Стефани обратила к нему смуглое улыбающееся лицо, и, встретив взгляд ее мечтательных глаз, он внезапно и вполне отчетливо понял, что она и в жизни играет, как на сцене.

— Вам понравился мой браслет, я вижу.

— Он очень красив, — отвечала Стефани, опустив глаза и задумчиво разглядывая браслет. — Я не всегда надеваю его, но никогда с ним не расстаюсь — ношу с собой в муфте. Сейчас надела на минутку. Я все ваши подарки ношу с собой. Они мне очень нравятся. Их так приятно трогать.

Она открыла маленькую замшевую сумочку, лежавшую на подоконнике, рядом с носовым платком и альбомом для эскизов, который она всюду носила с собой, и вынула оттуда серьги и брошь.
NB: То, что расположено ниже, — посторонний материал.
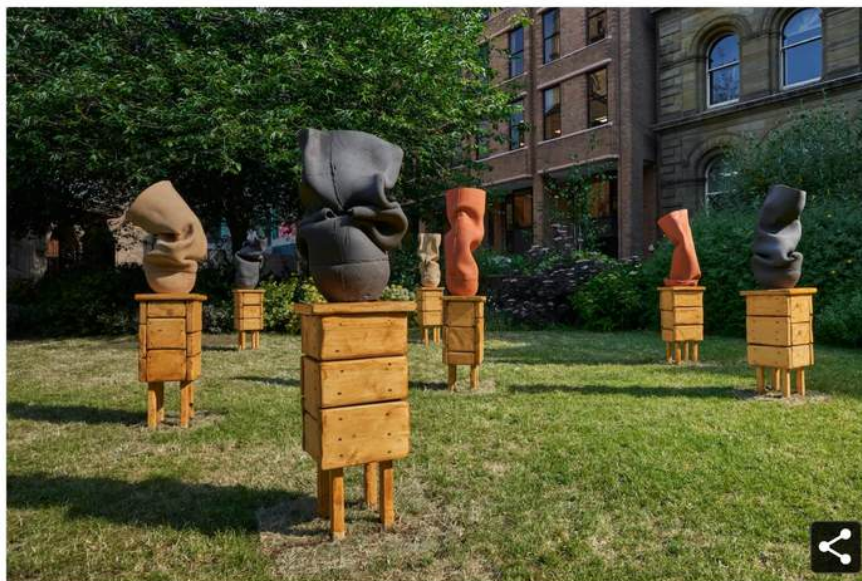
Ranti Bam, Ifas , 2023.
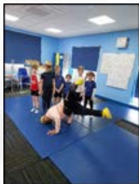
Break Dancing Club
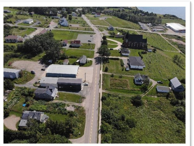
View 2: Looking South - southeast along Main St.
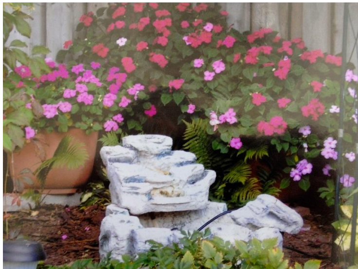
Figure 2: Gail’s representation of a new occupation that she initiated once being diagnosed with PD.

myself, by myself, with no other input.” And that’s how it happened. It just happened. And I surprised myself by being so – strong, I suppose, mentally and physically.
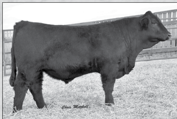
BDMP C99 • Sells as Lot 34.

Performance...Performance...Performance. Adjusted weaning weight of 926 with a weaning ratio of 111. Ranks in the top 3% for total maternal and yield grade, top 5% for milk, top 10% for yearling and top 15% for weaning, carcass weight and ribeye area.
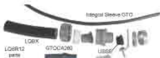
Figure 1 Exploded view of all necessary parts for Electrobits transformer connection when both transformer and sign are in wet locations. Using Integral Sleeve GTO wire. Maximum length of LQSR is 20 feet Cut LQSR 6" shorter than Integral sleeve GTO wire Strip GTO cable on 1" GTO Cable minimum length for proper assembly is 6 inch allowing 1 inch of insulation removed for splices.
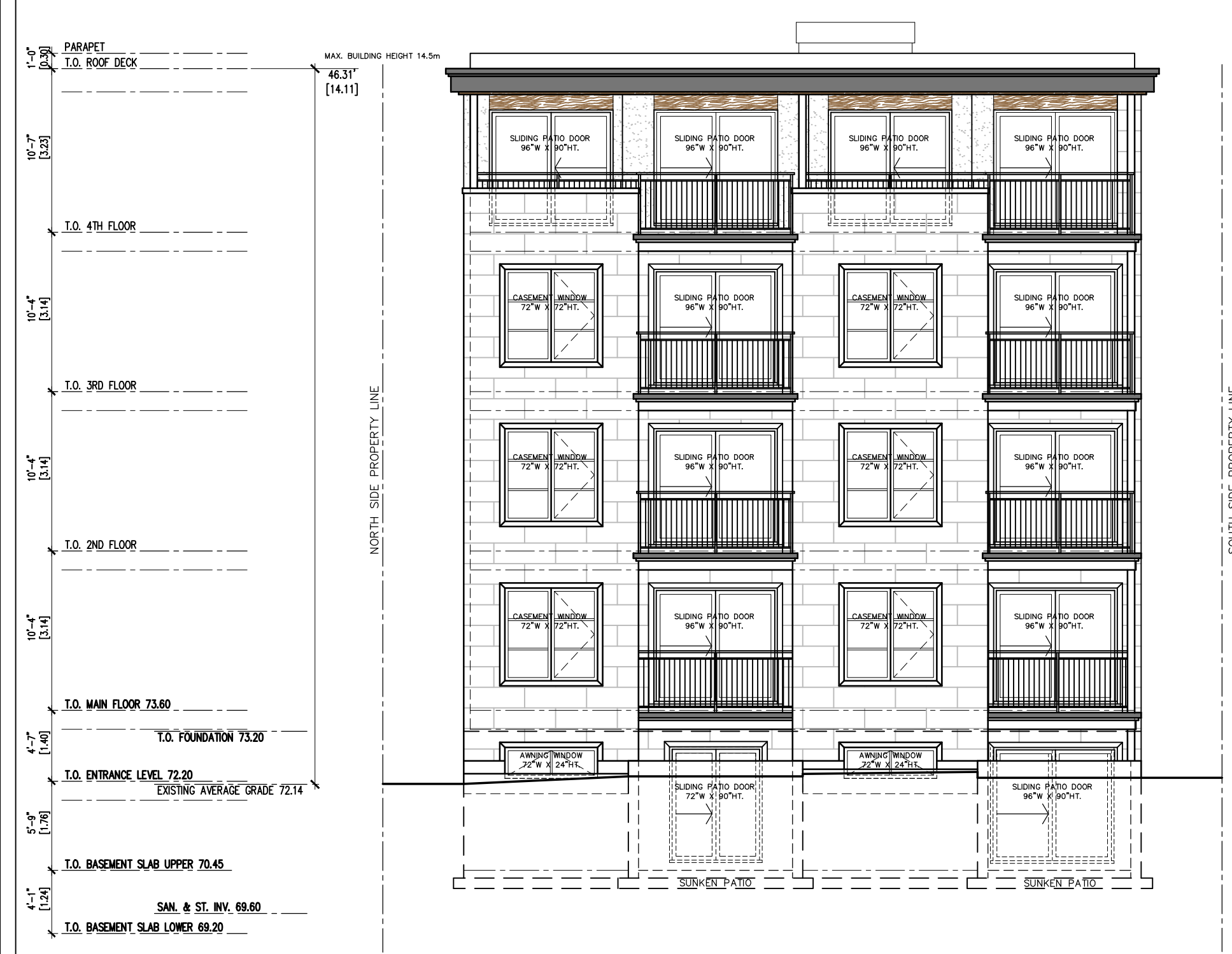
REAR ELEVATION (WEST) SCALE: 1/8" = 1'-0"

APPROVED By Andrew McCreight at 7:35 am, Jun 07, 2024
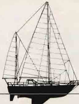
NC S 340
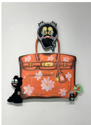
Power 2025 Spray paint and Oil on Wooden panel 27 x 29 in $2,800

Каупервуд был восхищен и взволнован таким непосредственным проявлением восторга. Он очень любил свои нефриты, но еще больше любил наблюдать восхищение, которое они вызывали в других. Юность с ее надеждами и стремлениями, воплощенная в женском облике, всегда имела над ним необоримую власть, а здесь перед его глазами были юность, красота и честолюбие, слитые воедино в облике молодой девушки. Стремление Стефани выдвинуться, чего-то достичь — не важно, чего именно, — находило в нем живой отклик; он снисходительно, почти по-отечески, взирал на проявление эгоизма, суетности, тщеславия, столь часто свойственных молодым и красивым женщинам. Хрупкие нежные цветы, распустившиеся на древе жизни, красота их так недолговечна! Грубо, походя, обрывать их было не в его натуре, но тем, кто сам тянулся к нему, не приходилось сетовать на его жестокосердие. Словом, Каупервуд был натура широкая и щедрая во всем, что касалось женщин.

— Как это мило, — сказал он улыбаясь. — Я очень тронут. — Потом, заметив альбом, спросил: — А что у вас здесь?

— Так, наброски.

— Можно взглянуть?

— Нет, нет, это все пустяки, — запротестовала она. — Я плохо рисую.

— Вы одаренная девушка! — сказал он, беря альбом. — Живопись, резьба по дереву, музыка, пение, сцена — чем только вы не занимаетесь.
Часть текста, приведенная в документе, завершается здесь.